▶ Instructions for the task
Begin the copy at the line containing "Summerdown’s prized single-estate" and end it at the final line of the material below, reproducing each line exactly, without images.

▶ Given records
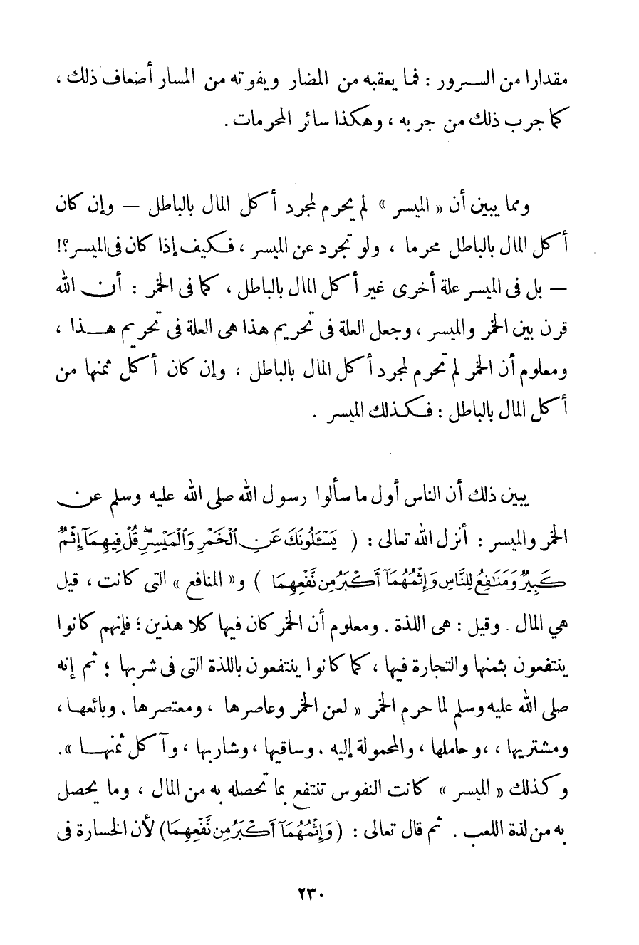 مِقْدَارًا مِنْ السُّرُورِ: فَمَا يَعْقُبُهُ مِنْ الْمَضَارِّ وَيَفُوتُهُ مِنْ المسار أَضْعَافُ ذَلِكَ كَمَا جَرَّبَ ذَلِكَ مَنْ جَرَّبَهُ وَهَكَذَا سَائِرُ الْمُحَرَّمَاتِ. وَمِمَّا يُبَيِّنُ أَنَّ " الْمَيْسِرَ " لَمْ يُحَرَّمْ لِمُجَرَّدِ أَكْلِ الْمَالِ بِالْبَاطِلِ - وَإِنْ كَانَ أَكْلُ الْمَالِ بِالْبَاطِلِ مُحَرَّمًا وَلَوْ تَجَرَّدَ عَنْ الْمَيْسِرِ فَكَيْفَ إذَا كَانَ فِي الْمَيْسِرِ - بَلْ فِي الْمَيْسِرِ عِلَّةٌ أُخْرَى غَيْرُ أَكْلِ الْمَالِ بِالْبَاطِلِ كَمَا فِي الْخَمْرِ: أَنَّ اللَّهَ قَرَنَ بَيْنَ الْخَمْرِ وَالْمَيْسِرِ وَجَعَلَ الْعِلَّةَ فِي تَحْرِيمِ هَذَا هِيَ الْعِلَّةَ فِي تَحْرِيمِ هَذَا وَمَعْلُومٌ أَنَّ الْخَمْرَ لَمْ تُحَرَّمْ لِمُجَرَّدِ أَكْلِ الْمَالِ بِالْبَاطِلِ وَإِنْ كَانَ أَكْلُ ثَمَنِهَا مِنْ أَكْلِ الْمَالِ بِالْبَاطِلِ: فَكَذَلِكَ الْمَيْسِرُ يُبَيِّنُ ذَلِكَ أَنَّ النَّاسَ أَوَّلَ مَا سَأَلُوا رَسُولَ اللَّهِ صَلَّى اللَّهُ عَلَيْهِ وَسَلَّمَ عَنْ الْخَمْرِ وَالْمَيْسِرِ: أَنْزَلَ اللَّهُ تَعَالَى: {يَسْأَلُونَكَ عَنِ الْخَمْرِ وَالْمَيْسِرِ قُلْ فِيهِمَا إثْمٌ كَبِيرٌ وَمَنَافِعُ لِلنَّاسِ وَإِثْمُهُمَا أَكْبَرُ مِنْ نَفْعِهِمَا} و " الْمَنَافِعُ " الَّتِي كَانَتْ قِيلَ هِيَ الْمَالُ. وَقِيلَ: هِيَ اللَّذَّةُ. وَمَعْلُومٌ أَنَّ الْخَمْرَ كَانَ فِيهَا كِلَا هَذَيْنِ؛ فَإِنَّهُمْ كَانُوا يَنْتَفِعُونَ بِثَمَنِهَا وَالتِّجَارَةِ فِيهَا كَمَا كَانُوا يَنْتَفِعُونَ بِاللَّذَّةِ الَّتِي فِي شُرْبِهَا؛ ثُمَّ إنَّهُ صَلَّى اللَّهُ عَلَيْهِ وَسَلَّمَ لَمَّا حَرَّمَ الْخَمْرَ {لَعَنَ الْخَمْرَ وَعَاصِرَهَا وَمُعْتَصِرَهَا وَبَائِعَهَا وَمُشْتَرِيَهَا وَحَامِلَهَا وَالْمَحْمُولَةَ إلَيْهِ وَسَاقِيَهَا وَشَارِبَهَا وَآكِلَ ثَمَنِهَا} . وَكَذَلِكَ " الْمَيْسِرُ " كَانَتْ النُّفُوسُ تَنْتَفِعُ بِمَا تُحَصِّلُهُ بِهِ مِنْ الْمَالِ وَمَا يَحْصُلُ بِهِ مِنْ لَذَّةِ اللَّعِبِ. ثُمَّ قَالَ تَعَالَى: {وَإِثْمُهُمَا أَكْبَرُ مِنْ نَفْعِهِمَا} لِأَنَّ الْخَسَارَةَ فِي
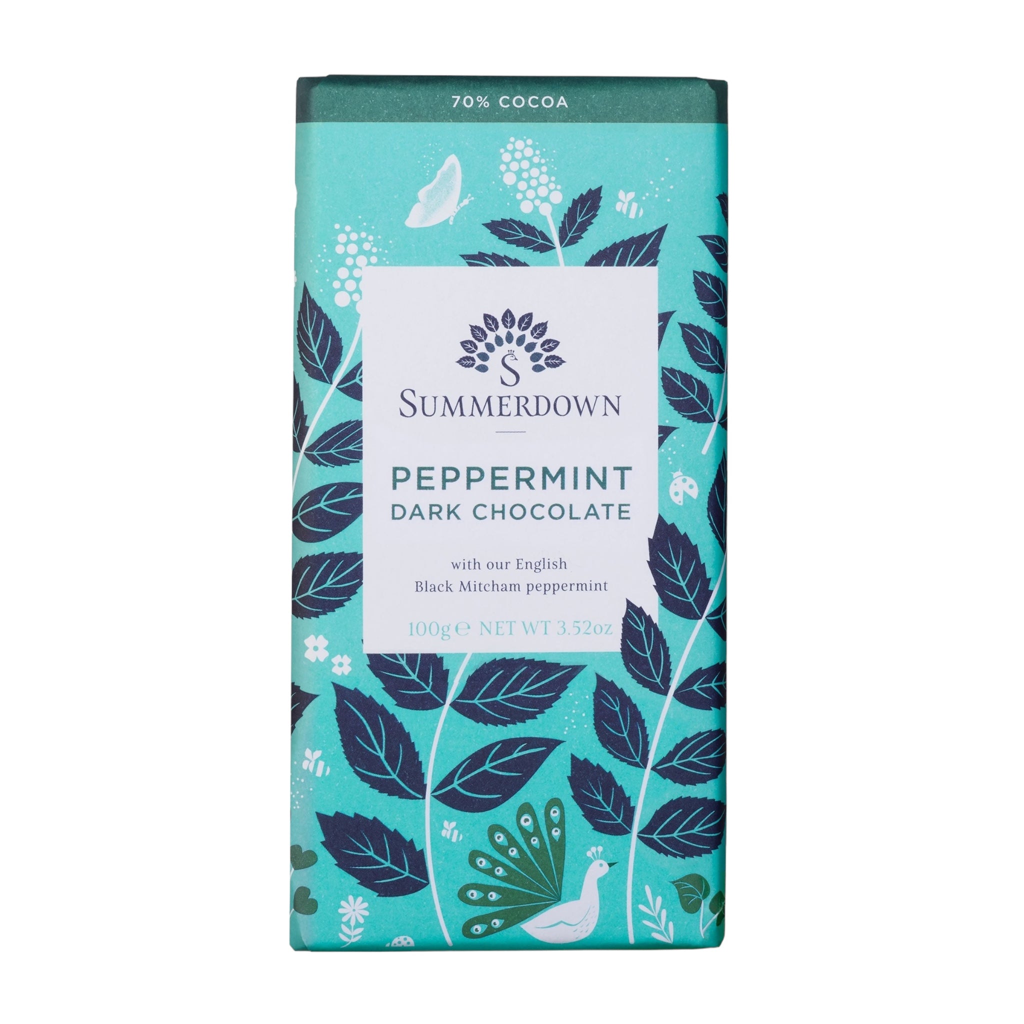 Summerdown’s prized single-estate Black Mitcham peppermint is paired with the finest single-origin Colombian 70% cocoa to create this rich, robust bar with a minty edge. Wrapped in fully compostable packaging and suitable for vegan diets. Made from completely compostable packaging, both wrapper and foil can be put on the compost heap (or in the bin) and they’ll decompose naturally. 100g
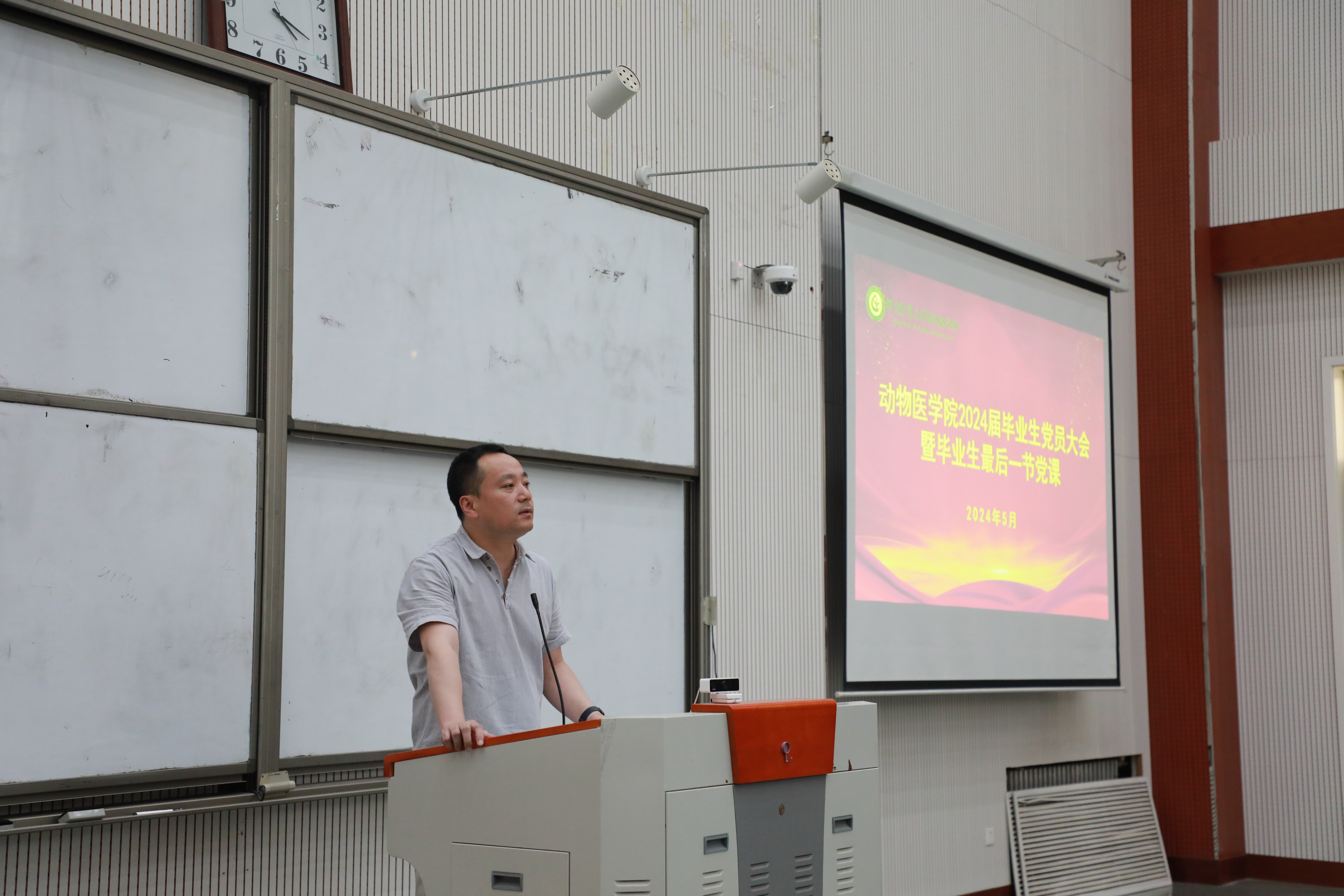 会上,杜家方指出,中国共产党的奋斗历程中,农大人始终与党和国家的发展同向同行,在国家和民族危难之际挺身而出,在奋进之中奋发图强,在振兴之时辛勤奉献。毕业是人生道路上的新起点,如何走好新的长征路,是所有毕业生必须认真思考和回答的问题。他对毕业生党员提出了三点要求,一是要始终坚定理想信念,自觉践行初心使命;二是继承光荣革命传统,积极弘扬动医精神;三是要刻苦练就过硬本领,积极投身强国伟业。希望大家开拓创新、砥砺奋进,努力成为社会主义现代化强国的优秀建设者,勇敢地肩负起历史使命,用一生为国工作奉献、为党增光添彩。
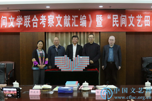 12月25日,由中国民协、社会科学文献出版社主办的《中芬三江民间文学联合考察文献汇编》发布会暨“民间文艺田野调查的历史与方法”研讨会在北京召开。图为中国文联党组成员张雁彬,中国文联副主席、中国民协主席、《中芬三江民间文学联合考察文献汇编》主编潘鲁生,中国民协分党组书记、驻会副主席、《中芬三江民间文学联合考察文献汇编》主编邱运华,社会科学文献出版社总编辑杨群,广西柳州三江县人大常委会副主任陈杏萍为新书揭幕。中国文艺网 李想 摄
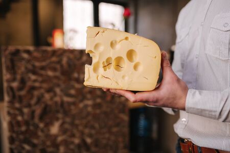 Hansome man hold big slice of cheese maasdam in hand. Cheese with big holes. Background of shelves with cheese

▶ Response
 Summerdown’s prized single-estate Black Mitcham peppermint is paired with the finest single-origin Colombian 70% cocoa to create this rich, robust bar with a minty edge. Wrapped in fully compostable packaging and suitable for vegan diets. Made from completely compostable packaging, both wrapper and foil can be put on the compost heap (or in the bin) and they’ll decompose naturally. 100g
 会上,杜家方指出,中国共产党的奋斗历程中,农大人始终与党和国家的发展同向同行,在国家和民族危难之际挺身而出,在奋进之中奋发图强,在振兴之时辛勤奉献。毕业是人生道路上的新起点,如何走好新的长征路,是所有毕业生必须认真思考和回答的问题。他对毕业生党员提出了三点要求,一是要始终坚定理想信念,自觉践行初心使命;二是继承光荣革命传统,积极弘扬动医精神;三是要刻苦练就过硬本领,积极投身强国伟业。希望大家开拓创新、砥砺奋进,努力成为社会主义现代化强国的优秀建设者,勇敢地肩负起历史使命,用一生为国工作奉献、为党增光添彩。
 12月25日,由中国民协、社会科学文献出版社主办的《中芬三江民间文学联合考察文献汇编》发布会暨“民间文艺田野调查的历史与方法”研讨会在北京召开。图为中国文联党组成员张雁彬,中国文联副主席、中国民协主席、《中芬三江民间文学联合考察文献汇编》主编潘鲁生,中国民协分党组书记、驻会副主席、《中芬三江民间文学联合考察文献汇编》主编邱运华,社会科学文献出版社总编辑杨群,广西柳州三江县人大常委会副主任陈杏萍为新书揭幕。中国文艺网 李想 摄
 Hansome man hold big slice of cheese maasdam in hand. Cheese with big holes. Background of shelves with cheese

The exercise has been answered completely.